For this assignment you will do some graphics programming using a simple graphics library included with DrScheme, the "viewport graphics library". The documentation for this library is contained in the manual "PLT Miscellaneous Libraries: Reference Manual", which is part of DrScheme's built in documentation. The fastest way to get to this online documentation is to start DrScheme, go to the Help menu and click on the first menu item, "Help Desk", and then use the Help Desk's search box to search for the string "viewport graphics". You can also read this documentation over the Internet at the following URL:

This assignment has three problems.
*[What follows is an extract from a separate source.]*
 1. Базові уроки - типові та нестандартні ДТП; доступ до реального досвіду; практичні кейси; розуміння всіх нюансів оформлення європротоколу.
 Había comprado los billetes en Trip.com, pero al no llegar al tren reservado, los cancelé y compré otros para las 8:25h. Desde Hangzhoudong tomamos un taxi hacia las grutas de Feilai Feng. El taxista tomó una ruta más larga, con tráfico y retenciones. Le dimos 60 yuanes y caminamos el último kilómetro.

The first two problems have you draw "recursive," fractal images and for the third problem you will draw an iterative, "bitmapped" image.

1.) Write a Scheme program that draws a "Sierpinski triangle". This is a fairly simple fractal image. It is defined by taking a triangle, dividing the triangle into four sub-triangles (by bisecting each of the three sides of the original triangle) and then recursing on three of the four sub-triangles (the three which have a vertex in common with the original triangle). Click repeatedly on either of the triangles below to watch how a Sierpinski triangle is built up (these are drawn by a Java applet).
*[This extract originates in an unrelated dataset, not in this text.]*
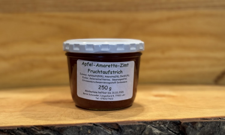 Sie erhalten einen milden Aufstrich aus Apfelsaft, Amaretto und etwas Zimt. Der Geschmack wirkt rund und leicht würzig. Der Aufstrich eignet sich für Brot, Crêpes und Joghurt. Viele schätzen den sanften Alkoholton und die dezente Süße. Die Konsistenz bleibt streichzart und stabil. Ideal für ein aromatisches Frühstück.
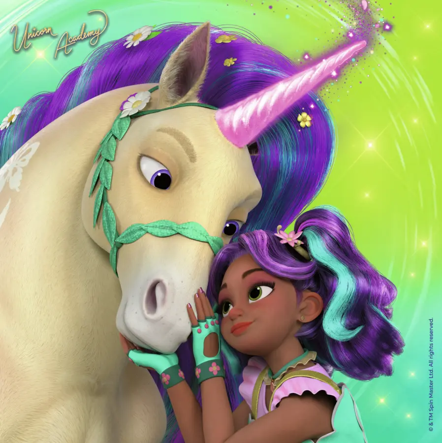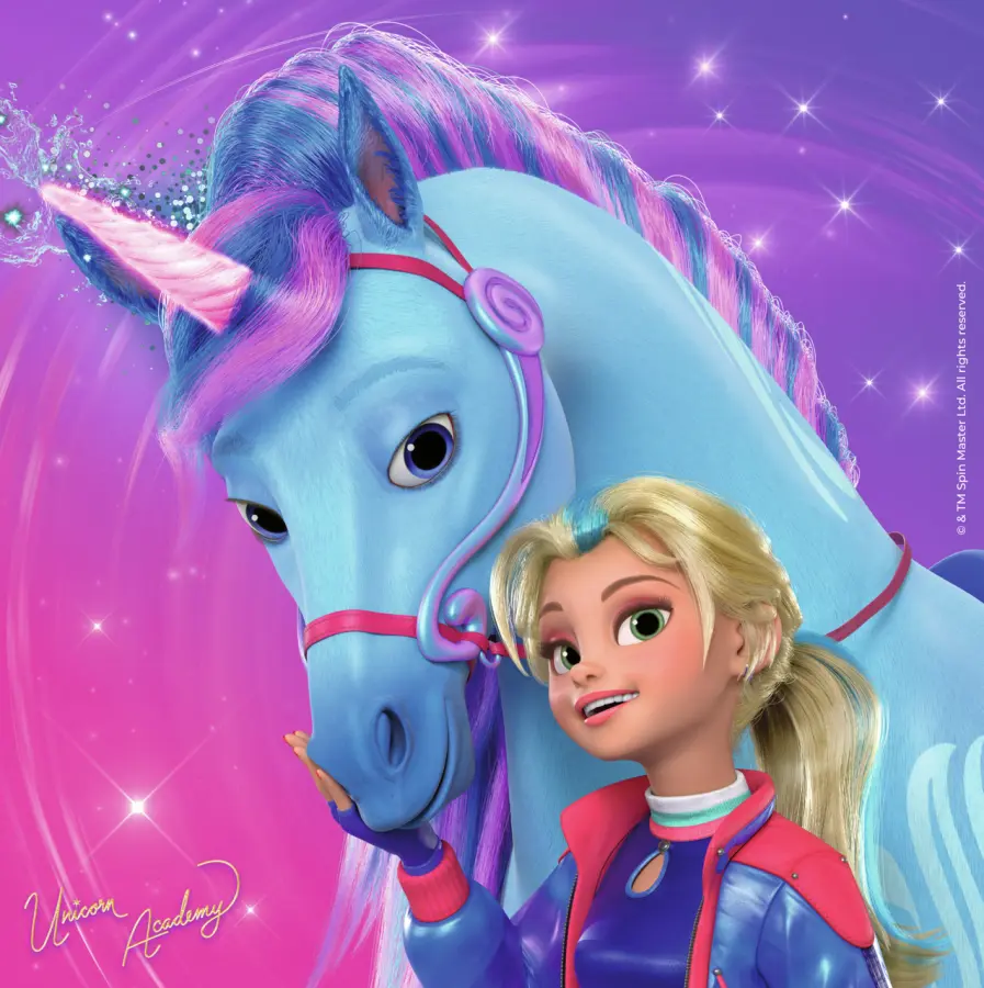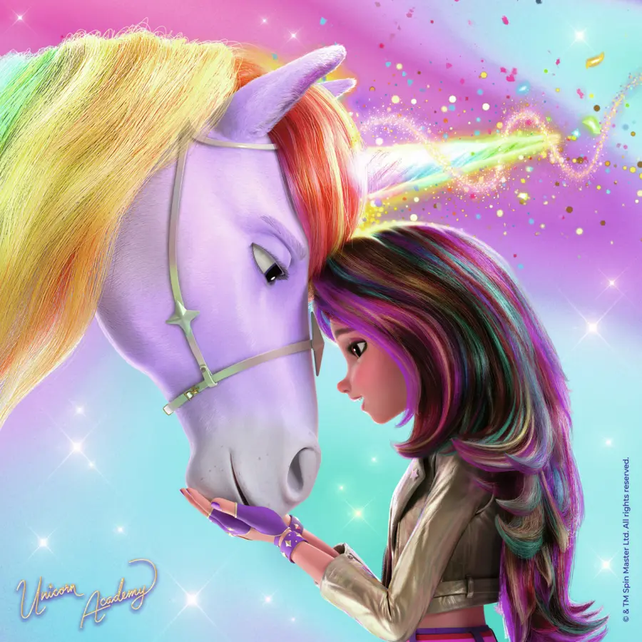 Tre skimrande pusselmotiv ur Netflix serien Unicorn Academy, på 49 bitar vardera.

2.) Write a Scheme program that draws a "C-curve". A C-curve is a slightly more complicated fractal than a Sierpinki triangle. A C-curve is defined by starting with a line segment, and then replacing the line segment with two line segments in such a way that the two new line segments, along with the original line segment, make up an isosceles right triangle with the original line segment as the hypotenuse and the two new line segments as the legs. After the original line segment is replaced by the two new line segments, we recurse on each of the two new line segments. Click repeatedly on the line segment below to see how a C-curve is built up. After each click, the green segments are the segments that were replaced to get the next stage of the development of the C-curve.
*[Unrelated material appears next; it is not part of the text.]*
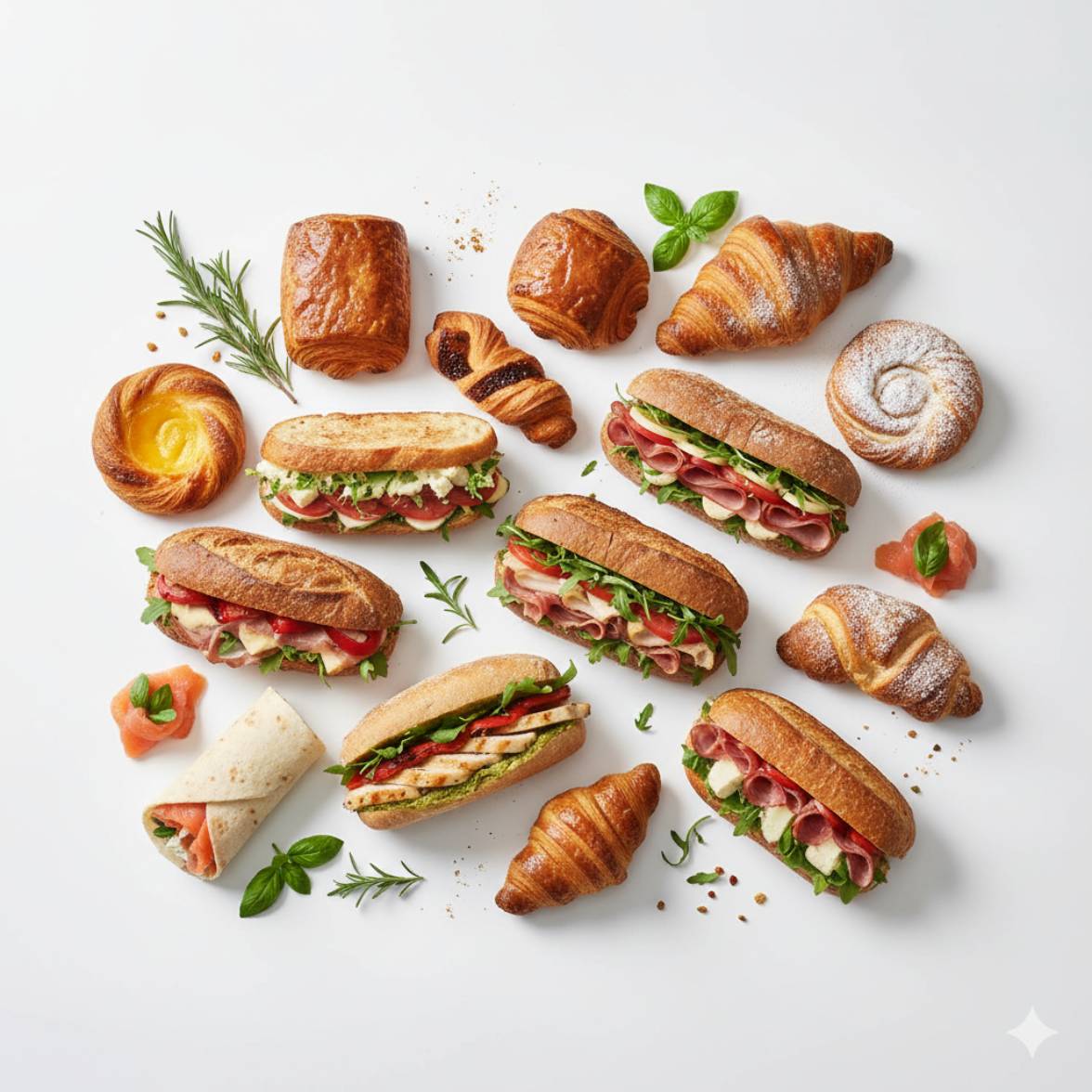 Sandwichs, Pains & Viennoiseries, Salades, Boissons natures

3.) In this problem you will draw an image that is defined pixel by pixel in an iterative manner. The image will be drawn in a 400 by 400 pixel graphics window. Your program will set every pixel in the graphics window to either black or white. Here is an algorithm for deciding the color of any given pixel. First, choose a square region in the mathematical xy-plane. This square region is determined by choosing three numbers, the x and y coordinates of the upper left hand corner of the square region and the dimension of the sides of the square. Denote these three numbers by x-corner, y-corner, and square-length. We will think of each point in the (square) graphics window as representing a point from the chosen square region in the mathematical xy-plane. Given a point in the graphics window with pixel coordinates i and j, we associate that point with a point in the plane region with coordinates x and y. (We will distinguish coordinates in the mathematical plane from coordinates in the graphics window. We call coordinates in the mathematical plane "world coordinates" and we call coordinates in the graphics window "pixel coordinates".) The mapping from pixel coordinates to world coordinates is defined to maintain the relative position of the coordinates within their respective square. So, for example, if x-corner is -100, y-corner is 100, and square-length is 200, then the pixel coordinates i=100 and j=200 (which represent a point in the graphics window one quarter of the way across and half way down from the upper left hand corner) would translate to the world coordinates x=-50 and y=0. To determine how the pixel with pixel coordinates i and j should be colored, first find the world coordinates x and y associated to the pixel coordinates i and j, then compute the value of the expression x^2+y^2 (call this value r), then find the integer part of r. If the integer part of r is even, color the pixel black, otherwise color the pixel white.

The images drawn by this algorithm depend on the choices of the three parameters x-corner, y-corner, and square-length. So that you can get an idea of what kinds of images you will be producing, here is a Java applet that implements this algorithm. Try changing the values of the parameters and then clicking on the "Redraw" button. For example, try the values, -83, 83, 166, or the values -1000, 1000, and 2002 (the variety of images is really amazing). The idea for this algorithm comes from the September, 1986, issue of Scientific American.

4.) To help you get started with graphics programming in Scheme using the viewport graphics library, here is a Scheme program, koch-curve.scm, that draws a fractal called a Koch Curve. A Koch Curve is defined by starting with a line segment, dividing the line segment into three equal length pieces, and then replacing the middle piece with two line segments in such a way that the two new line segments, along with the replaced piece, make up an equilateral triangle. After the middle piece is replaced by the two new line segments, we recurse on each of the four remaining line segments. Click repeatedly on the line segment below to see how a Koch Curve is built up.